Chip Startup Cerebras Files for IPO, Again, Because the First Time Was Just a Warm-Up
AI chip maker Cerebras, after a previous failed attempt, files to go public following huge funding rounds and a boastful claim of stealing business from Nvidia.
Cerebras Systems, a startup whose CEO Andrew Feldman confidently labels its products as "the fastest AI hardware for training and inference," has officially filed paperwork to go public. This marks the company's second attempt, following a 2024 filing that was delayed and then withdrawn due to a federal review of an investment from Abu Dhabi-based G42. Undeterred, Cerebras raised a hefty $1.1 billion Series G last year and then a cool $1 billion Series H in February, achieving a reported valuation of $23 billion, because what's a few billion between friends?
The company has been busy lining up some rather significant customers to justify that valuation. In recent months, Cerebras announced an agreement with Amazon Web Services to deploy its chips in Amazon data centers. More notably, it secured a deal with OpenAI reportedly worth more than $10 billion, a contract that CEO Feldman couldn't resist gloating about. In a recent interview, he boasted, "Obviously, [Nvidia] didn't want to lose the fast inference business at OpenAI, and we took that from them," proving that in the AI chip wars, trash talk is apparently a standard feature.
Financially, the picture is a classic tale of two accounting methods.

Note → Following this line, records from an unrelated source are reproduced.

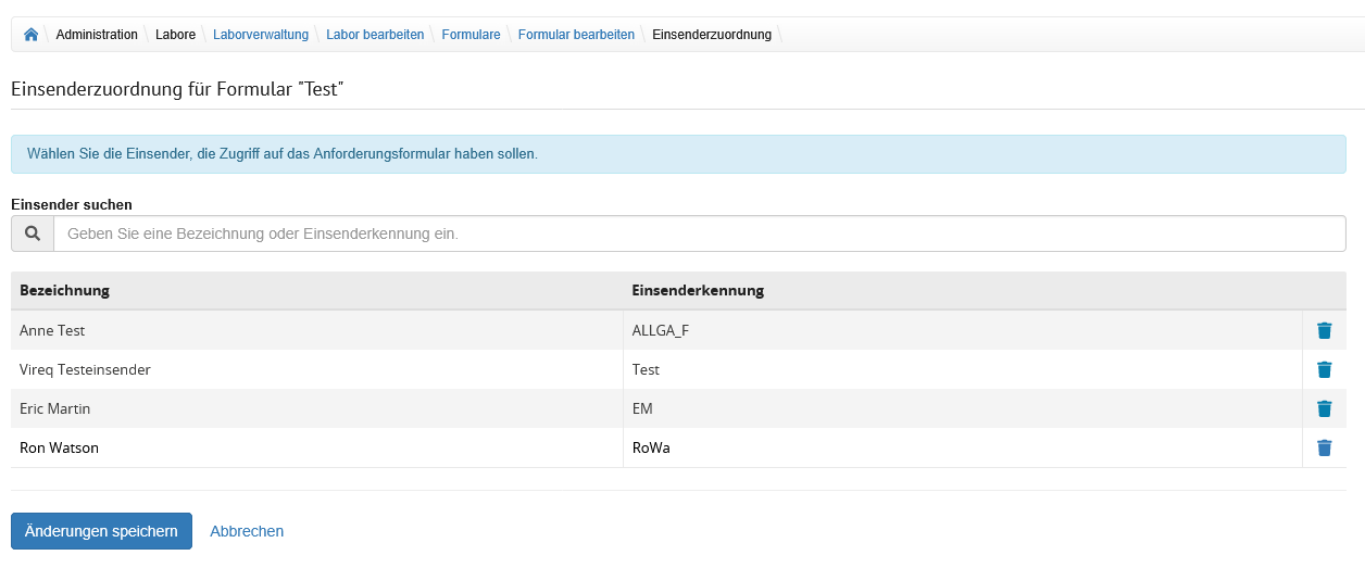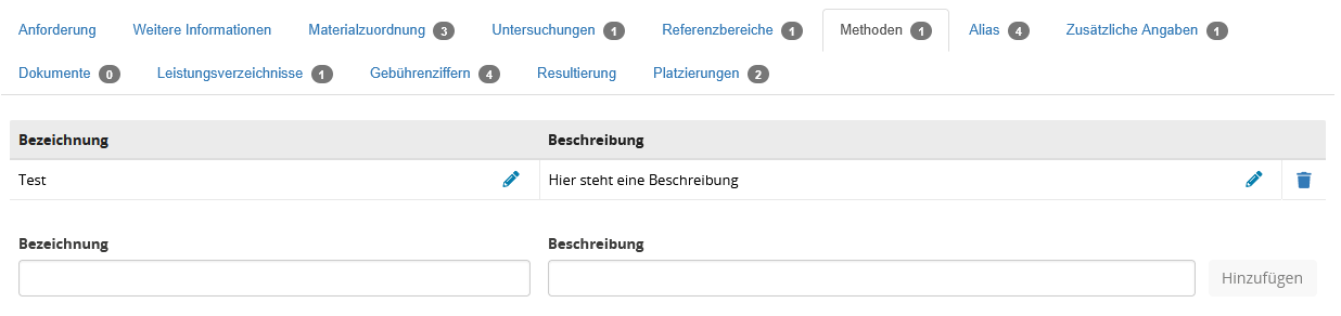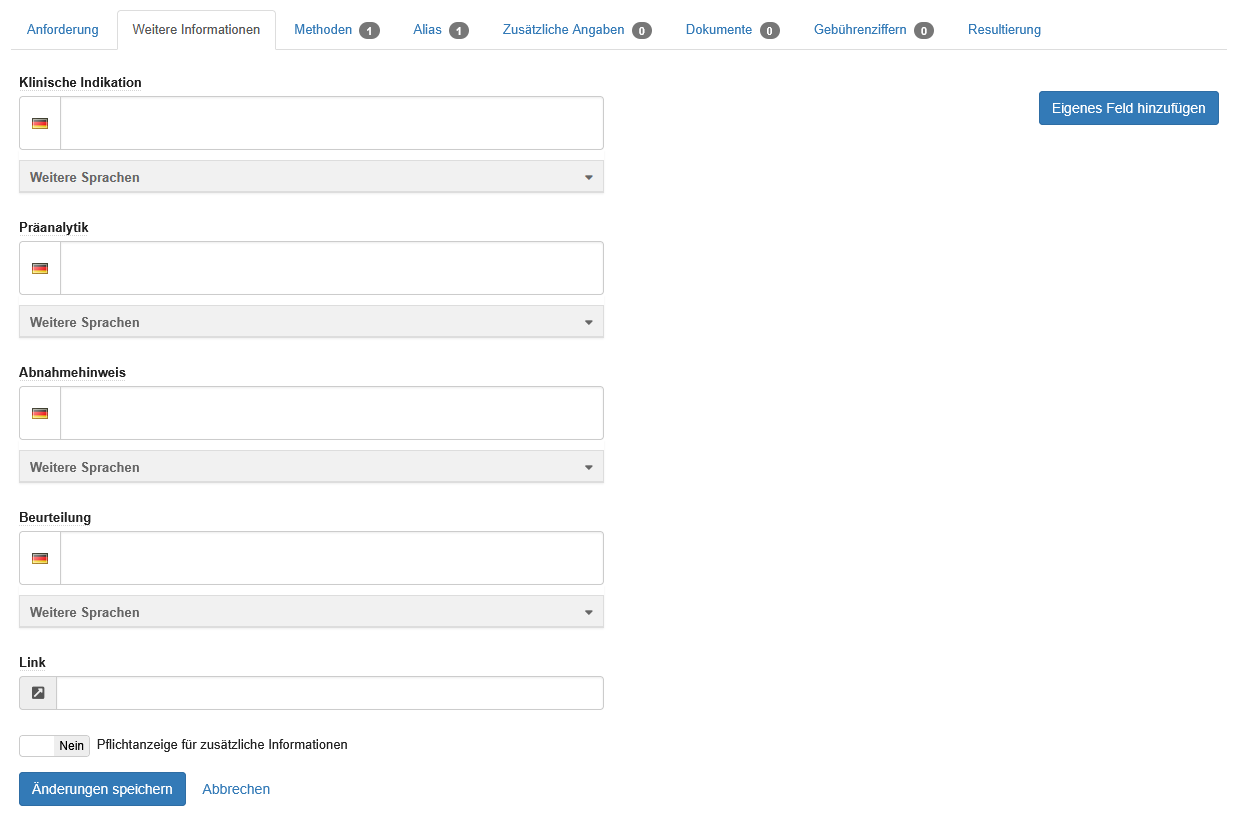 | Laborname | Eingabefeld | In diesem Feld stehe der Laborname. Dieser wird unter anderem zur Anzeige im Bereich "Meine Labore" verwendet. Der Laborname darf maximal 250 Zeichen enthalten. |
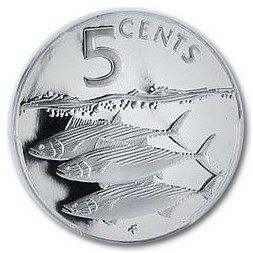 The 5 Cents coin from the British Virgin Islands, issued in 1985, features a striking design that showcases a profile of Queen Elizabeth II, surrounded by the inscriptions 'ELIZABETH THE SECOND' and 'BRITISH VIRGIN ISLANDS.' The reverse side depicts a bonito fish, symbolizing the rich marine life of the region, making it a noteworthy piece for collectors interested in wildlife themes. Composed of .925 silver, this coin not only holds aesthetic value but also intrinsic value due to its silver content, which enhances its desirability among numismatists. The limited mintage from 1985 adds to its significance, making it a sought-after item for those collecting coins from the British Virgin Islands or silver proof coins in general.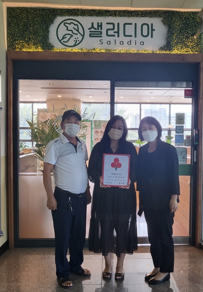[금요저널] 인천 중구 운서동지역사회보장협의체는 지난 23일 운서동 소재‘샐러디아’를 찾아 사랑의 열매 착한가게 현판을 전달했다.

According to the filing, Cerebras brought in $510 million in revenue in 2025 and posted a net income of $237.8 million. However, when excluding certain one-time items on a non-GAAP basis, that profit magically transforms into a net loss of $75.7 million, demonstrating that profitability, like beauty, is often in the eye of the beholder - or the accountant.

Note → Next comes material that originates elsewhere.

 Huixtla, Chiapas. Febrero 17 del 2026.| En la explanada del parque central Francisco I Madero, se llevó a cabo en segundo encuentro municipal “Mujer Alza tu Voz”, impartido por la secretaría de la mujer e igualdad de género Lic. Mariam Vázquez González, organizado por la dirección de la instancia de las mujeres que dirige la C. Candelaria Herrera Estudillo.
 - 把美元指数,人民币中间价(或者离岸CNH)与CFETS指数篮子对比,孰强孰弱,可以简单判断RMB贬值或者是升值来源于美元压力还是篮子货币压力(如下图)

As for the upcoming public offering, the company is playing its cards close to its vest, declining to disclose how much capital it hopes to raise. A spokesperson did, however, provide a timeline, stating the offering is planned for mid-May. Investors and spectators alike can now mark their calendars for the next chapter in the saga of a company that seems determined to prove its massive hardware can support an equally massive public market valuation.